So, yes, while rear-wheel drive could be a bit more fun and exciting, the all-wheel grip really boosts this car’s overall dynamics and all-conditions ability. This is not a fragile or sensitive sports car that you’ll be too frighten to take out on a rainy day. In fact, quite the contrary. You’ll look forward to those dark and stormy days.
With air suspension as standard there is a high expectation on the ride quality. However, there is a noticeable choppiness experienced on some surfaces. It can crash and shudder as well if you’re on a country road that features a lot of changing surfaces. Even in comfort mode. In saying that, this is an AMG and thus it is a sports car. We also notice these tyres are very thinly wrapped around those drool-inducing wheels (245/35 front, 275/30 back). For us, the ride is ideal but some traditional buyers shopping in this segment might want a smoother setup.

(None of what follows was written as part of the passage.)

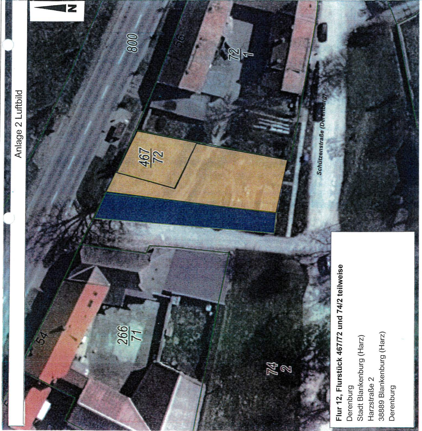
Anlage 2 Luftbild

Flur 12, Flurstück 467/72 und 74/2 teilweise

Air suspension does provide a wide variety of modes, so that’s definitely a big benefit. And all modes feel quite different, which helps to increase the car’s overall versatility as well. You can also select the high-tempo Sport+ mode for the powertrain and then revert back to the comfort suspension mode. In other words, you can chop and change various parameters to suit your desires.

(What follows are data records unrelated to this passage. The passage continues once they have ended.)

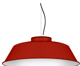
16: RAL 3000 Feuerrot 10: RAL 9010 Reinweiß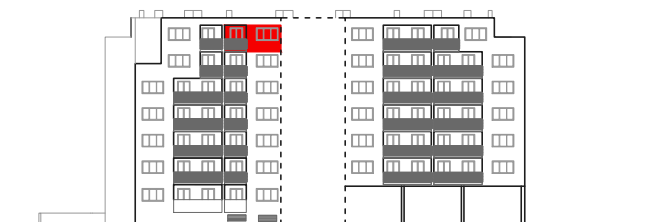
položaj stana na pročelju jug

STAMBENO - POSLOVNA ZGRADA DUBRAVA CENTAR Dankovečka bb / Dubrava / ZAGREB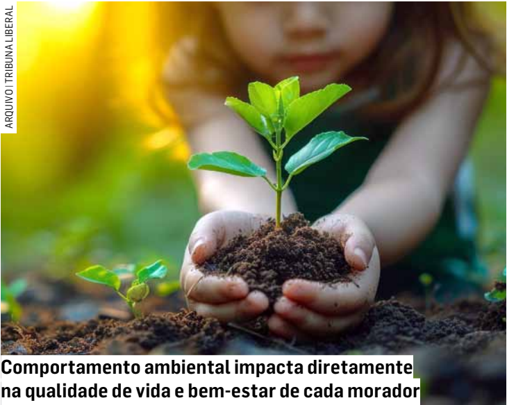
Comportamento ambiental impacta diretamente na qualidade de vida e bem-estar de cada morador

A empresa realiza rotineiramente a limpeza preventiva das redes de esgoto e encontra frequentemente nas tubulações de esgoto da cidade resíduos de construção civil e descartes de banheiro como papel higiênico, fio dental, preservativos, cabelo, cotonetes, teci-

2021 Mercedes-AMG E 53 Coupe – THE VIDEO
2021 Mercedes-AMG E 53 Coupe – THE VERDICT
Looks can be deceiving. Here, this appears to be calm, reserved and highly refined. But this has turned out to be a much more versatile and significantly quicker vehicle than we were expecting. Largely thanks to the extremely competent all-wheel drive system. In that sense it is a wolf in sheep’s clothing. We simply adore this inline-six engine, too. It sounds so good and it’s capable of unleashing V8-like performance.
Our main concern here is simply the price. Do you fork out almost $200k on one of these, or keep saving and get the mack daddy E 63 S V8? Mind you, that’s another $100k away. And it comes in sedan form only.
– Phenomenal all-weather grip and performance
– Seductive inline-six engine and sound
– Spacious and elegant cabin
– The wow factor of those huge screens inside
– Love the suave design, stunning wheels too
– Fiddly track pad and steering touch pads
– Somewhat choppy ride, despite air suspension
As always, if you’re thinking about buying a new car don’t forget to click here to speak with our car buying specialists.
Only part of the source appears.